▸ **THE TASK**
Repeat exactly the lines of the records below, starting at the line containing "- 新色:罗兰紫、牛油果绿、樱珞粉(车漆更亮)" and ending at the line containing "Early Foods - Combo". Leave the pictures out.

▸ **PROVIDED RECORDS**
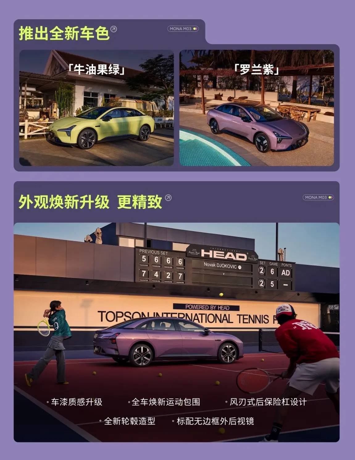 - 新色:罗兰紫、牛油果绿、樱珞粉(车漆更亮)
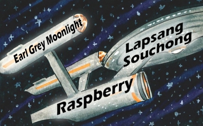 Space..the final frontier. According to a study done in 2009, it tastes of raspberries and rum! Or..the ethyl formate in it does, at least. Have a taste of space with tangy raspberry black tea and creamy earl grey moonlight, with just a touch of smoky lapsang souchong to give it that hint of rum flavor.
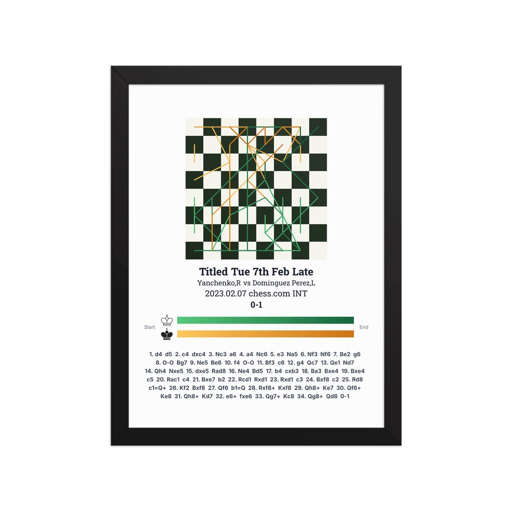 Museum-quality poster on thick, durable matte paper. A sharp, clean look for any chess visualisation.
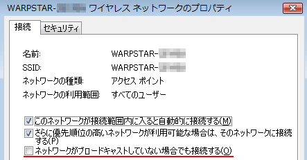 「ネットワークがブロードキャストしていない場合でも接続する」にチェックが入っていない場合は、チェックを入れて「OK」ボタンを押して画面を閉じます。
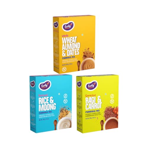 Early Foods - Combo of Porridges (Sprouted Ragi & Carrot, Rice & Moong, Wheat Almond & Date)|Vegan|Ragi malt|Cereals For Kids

==

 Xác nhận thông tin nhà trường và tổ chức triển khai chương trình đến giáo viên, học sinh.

---

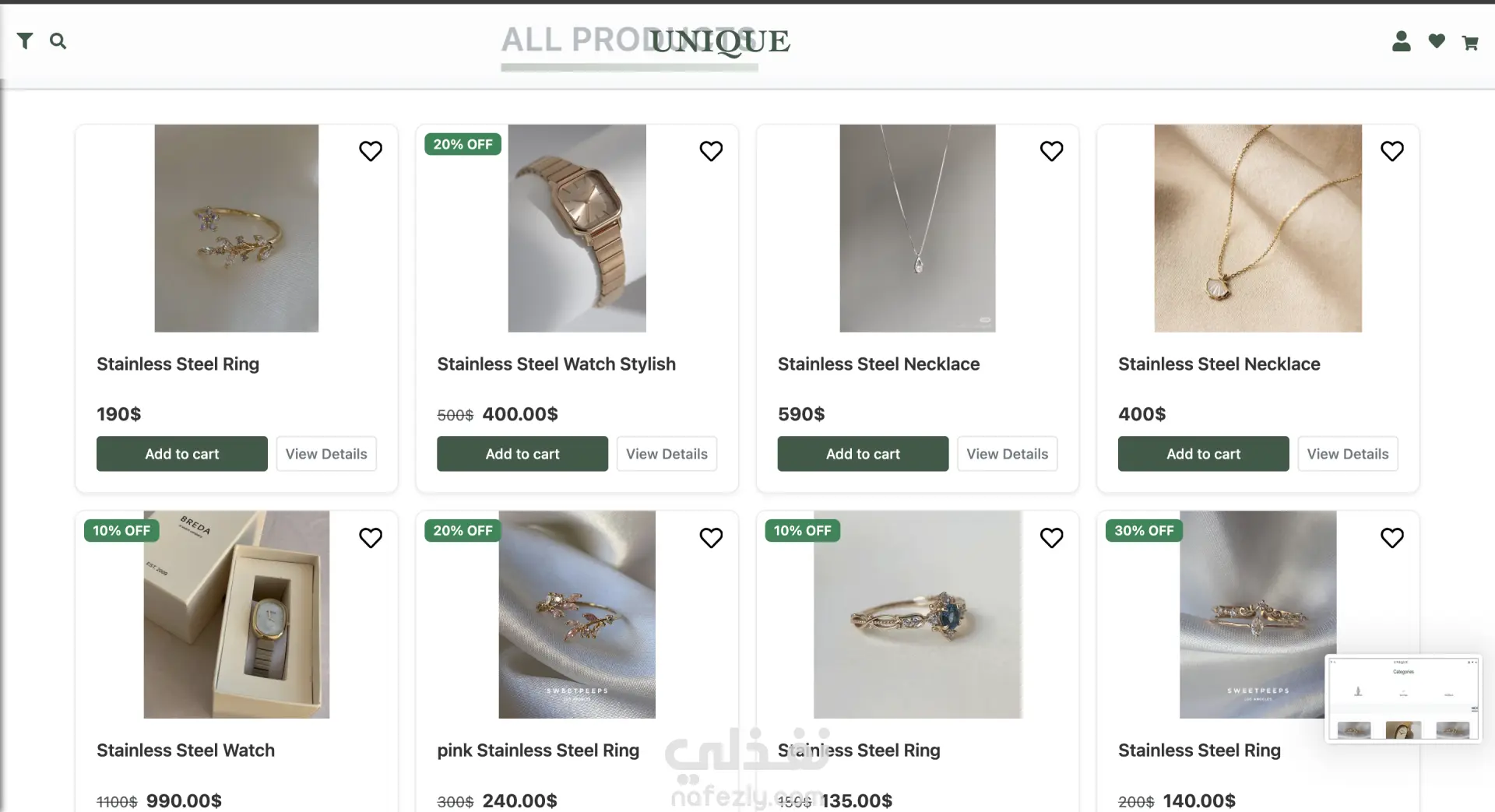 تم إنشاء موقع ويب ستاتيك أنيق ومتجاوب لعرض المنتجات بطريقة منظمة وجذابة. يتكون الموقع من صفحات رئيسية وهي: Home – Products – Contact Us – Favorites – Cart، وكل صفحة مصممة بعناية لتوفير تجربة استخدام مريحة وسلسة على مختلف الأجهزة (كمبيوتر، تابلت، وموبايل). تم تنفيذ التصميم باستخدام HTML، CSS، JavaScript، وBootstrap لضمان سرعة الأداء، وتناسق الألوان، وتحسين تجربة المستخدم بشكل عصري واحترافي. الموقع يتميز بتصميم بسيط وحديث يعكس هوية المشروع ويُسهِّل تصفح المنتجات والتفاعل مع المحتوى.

▸ **RESULT BELOW**
 - 新色:罗兰紫、牛油果绿、樱珞粉(车漆更亮)
 Space..the final frontier. According to a study done in 2009, it tastes of raspberries and rum! Or..the ethyl formate in it does, at least. Have a taste of space with tangy raspberry black tea and creamy earl grey moonlight, with just a touch of smoky lapsang souchong to give it that hint of rum flavor.
 Museum-quality poster on thick, durable matte paper. A sharp, clean look for any chess visualisation.
 「ネットワークがブロードキャストしていない場合でも接続する」にチェックが入っていない場合は、チェックを入れて「OK」ボタンを押して画面を閉じます。
 Early Foods - Combo of Porridges (Sprouted Ragi & Carrot, Rice & Moong, Wheat Almond & Date)|Vegan|Ragi malt|Cereals For Kids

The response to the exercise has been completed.